Replicate a coding task

Description

Re-executes a coding task from a qlm_coded object, optionally with modified settings. If no overrides are provided, uses identical settings to the original coding.

Usage

qlm_replicate(
  x,
  ...,
  codebook = NULL,
  model = NULL,
  batch = NULL,
  name = NULL,
  notes = NULL
)

Arguments

x

A qlm_coded object.

...

Optional overrides passed to qlm_code(), such as temperature or max_tokens.

codebook

Optional replacement codebook.
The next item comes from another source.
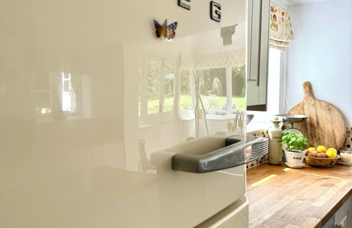 Comprises of a spacious sitting room with an open fire in the inglenook fireplace, exposed oak beams, door to terrace and Smart TV. Second sitting room has exposed oak beams, sofa converts to a double bed if required. Dining room with wood burner in the inglenook fireplace, exposed oak beams and original brick floor, open plan to the contemporary country style kitchen with modern appliances, electric oven, hob and microwave, Smeg fridge/freezer. The kitchen is open plan to the light and airy garden room with its large kitchen table. 3 big opening windows to the rear of the garden room give glorious views of the gardens and stunning sunsets, double French doors to each side leading out onto the wrap around terrace.

If NULL (default), uses the codebook from x.

model

Optional replacement model (e.g., "openai/gpt-4o"). If NULL (default), uses the model from x.

batch

Optional logical to override batch processing setting. If NULL (default), uses the batch setting from x. Set to TRUE to use batch processing or FALSE to use parallel processing, regardless of the original setting.

name

Optional name for this run. If NULL, defaults to the model name (if changed) or "replication_N" where N is the replication count.

notes

Optional character string with descriptive notes about this replication. Useful for documenting why this replication was run or what differs from the original. Default is NULL.

Value

A qlm_coded object with run$parent set to the parent's run name.

See Also

qlm_code() for initial coding, qlm_compare() for comparing replicated results.

Examples

# First create a coded object
texts <- c("I love this!", "Terrible.", "It's okay.")
coded <- qlm_code(texts, data_codebook_sentiment, model = "openai/gpt-4o-mini", name = "run1")

# Replicate with same model
coded2 <- qlm_replicate(coded, name = "run2")

# Compare results
qlm_compare(coded, coded2, by = "sentiment", level = "nominal")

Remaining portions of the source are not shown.